*Source material*.
*** Block opens ***
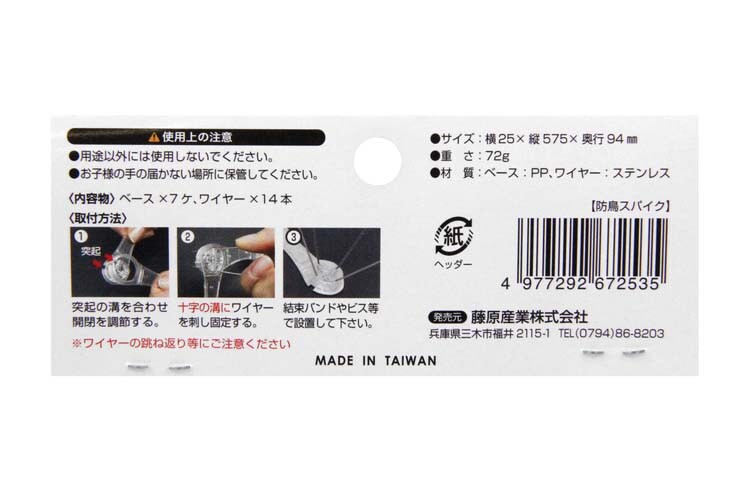 | ・用途:鳥の飛来・動物の侵入防止 ・サイズ:長さ約50cm ・重量:72g ・材質:ABS樹脂、ステンレス |
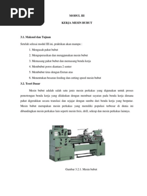 Modul Bubut Docx from imgv2-2-f.scribdassets.com Dengan mesin pemotong rumput serta aksesoris head tambahan. Didalam konstruksi kepala tetap, terdapat roda pully yang dihubungkan dengan motor penggerak. Perhitungan waktu pengeboran pada mesin bubut, pada prinsipnya sama dengan menghitung waktu pemesinan bubut rata dan bubut muka.
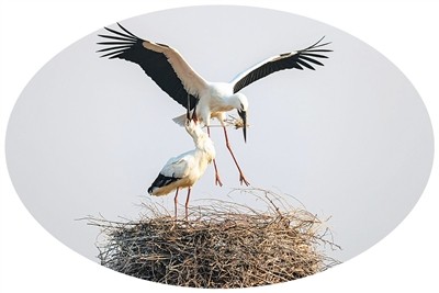 銜枝筑巢的東方白鸛。
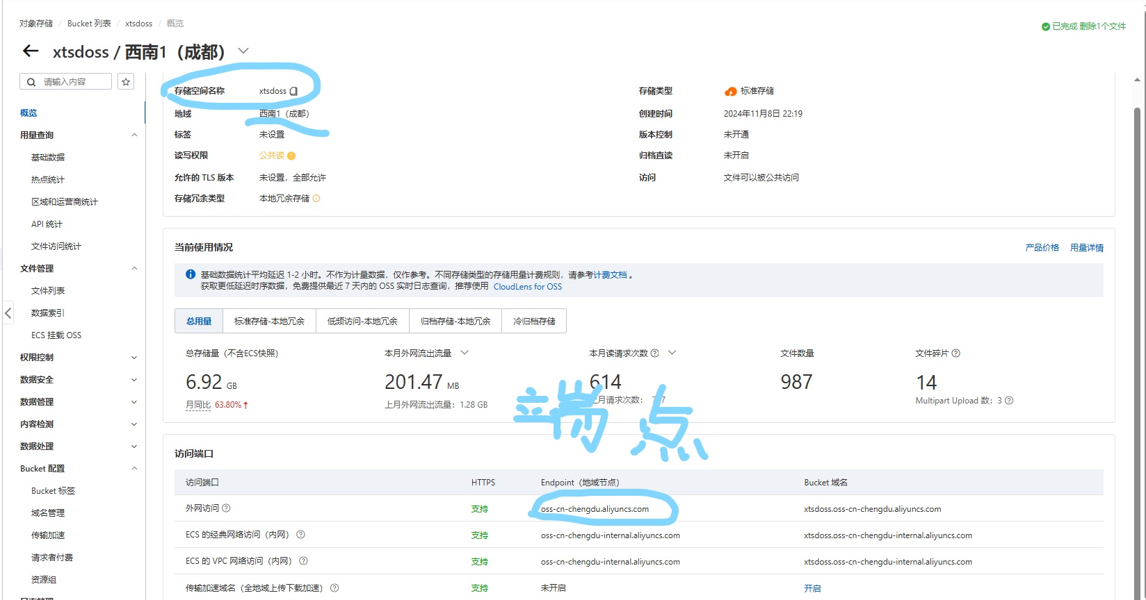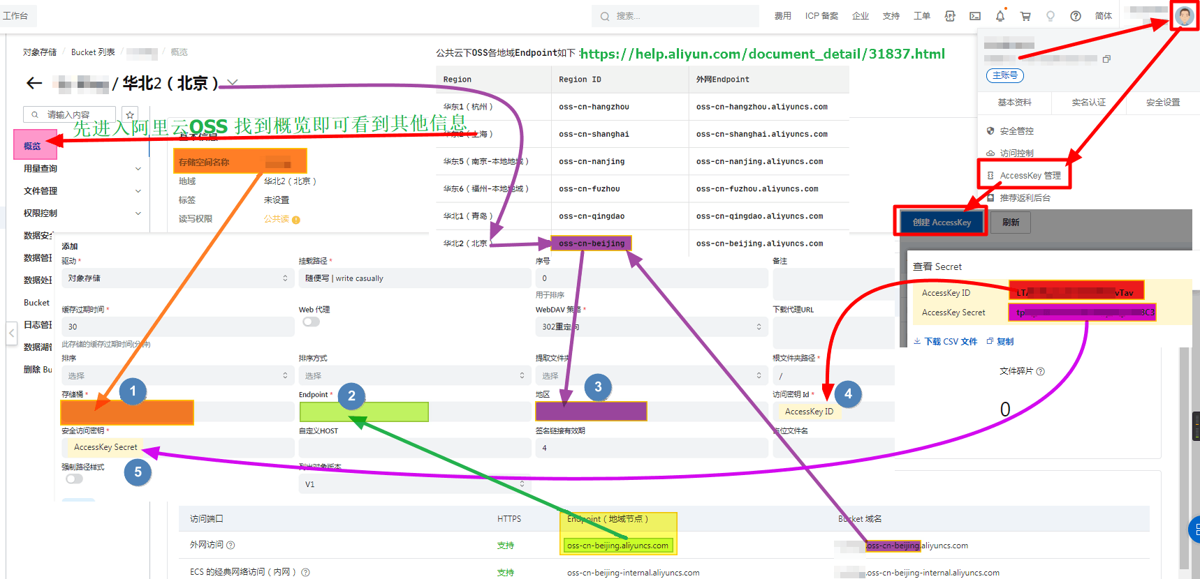 访问密id和访问密钥就是我们申请AccessKey ID和AccessKey Secret
*** Block closes ***
*Required action*.
Return every line of the listing exactly, leaving its pictures behind.

*Solution to the exercise*.
 | ・用途:鳥の飛来・動物の侵入防止 ・サイズ:長さ約50cm ・重量:72g ・材質:ABS樹脂、ステンレス |
 Modul Bubut Docx from imgv2-2-f.scribdassets.com Dengan mesin pemotong rumput serta aksesoris head tambahan. Didalam konstruksi kepala tetap, terdapat roda pully yang dihubungkan dengan motor penggerak. Perhitungan waktu pengeboran pada mesin bubut, pada prinsipnya sama dengan menghitung waktu pemesinan bubut rata dan bubut muka.
 銜枝筑巢的東方白鸛。
 访问密id和访问密钥就是我们申请AccessKey ID和AccessKey Secret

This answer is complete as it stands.